Zaneveld and others (2001) modeled remote-sensing reflectance, R rs, as a function of wave amplitude and the angle between the light source and the sensor at a small fixed wavelength, 0.01 m. A conservative value for this angle using an ASTER image is 5. Given the first four wave amplitudes in Table 1 and a look angle of 5, R rs would increase by ~5% with a 20 ms–1 wind, and, with the last set of values, R rs might increase by 10–11% (Zaneveld and others, 2001, fig. 3). As the period and wavelength increase beyond the small value used by Zaneveld and others (2001) we expect the wave effect on remote-sensing reflectance (and other apparent optical properties) to diminish due to spatial averaging. To test the sensitivity of remote-sensing reflectance to surface wind speed, five modeling runs were performed using HYDROLIGHT®. We varied the wind speed between 0 and 14.9ms–1, the maximum allowed by the software, while holding all other input parameters fixed, and observed only a 1.4% decrease in the remote-sensing reflectance. Thus, we conclude that the effect of waves on the optical signal at the satellite, and derived water depths, is relatively unimportant.
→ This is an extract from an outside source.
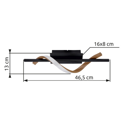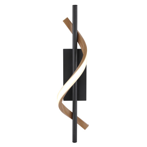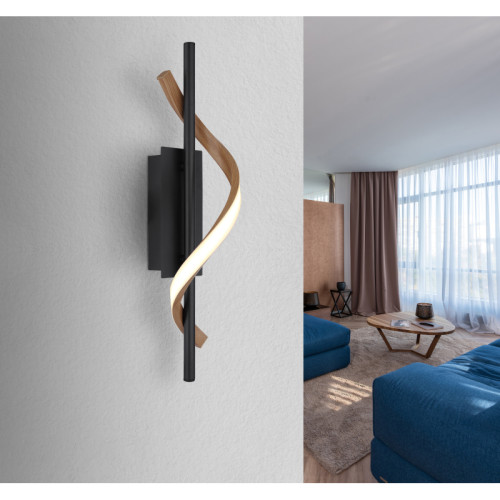 Modern LED wall lamp from the series Watkins, made of a matt black colour metal base and arm with a curved aluminium body in brown colour with a wood effect and a white plastic diffuser with a built-in 12.5W 3000K LED. An original proposal for the interior lighting of your living room, dining room, bedroom, hotel and restaurant.
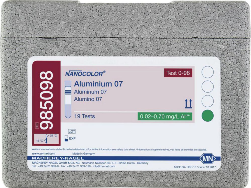 Produktinformationen "Rundküvettentests NANOCOLOR® Aluminium | Beschreibung: Aluminium 07, Messbereich: 0,02 - 0,70 mg/l Al3+"

Fig. 3. A portion of an ASTER image (5 August 2009) of the Nioghalvfjerdsfjorden glacier ice tongue, northeast Greenland, near the terminus. Red ellipses outline areas of cryoconite. This area was photographed from a helicopter by one of us (G.S.H.) in early September 2009, and a sample of cryoconite was retrieved.

Inelastic scattering

There is always inelastic scattering of light by natural waters (salt or fresh) at visible wavelengths. Molecular or Raman scattering is always present and fluorescence, due to dissolved or suspended organic material, can also occur. As particulate matter (organic or inorganic) decreases, the effects of elastic scattering on the in-water and above-water light fields diminishes and scattering is mainly by inelastic collisions. As fluorescence decreases, the contribution of Raman scattering to the light field becomes more pronounced (e.g. Morel and Gentili, 1991; Morel and Loisel, 1998). But, as Gordon (1999) points out, Raman scattering in natural waters is relevant to the remote sensing of ocean color and its use as a proxy for oceanic biological productivity. Here our interest is much simpler – to determine the depth of a glacial melt pond – and it is not necessary to partition the bulk scattering coefficient between elastic and inelastic collisions.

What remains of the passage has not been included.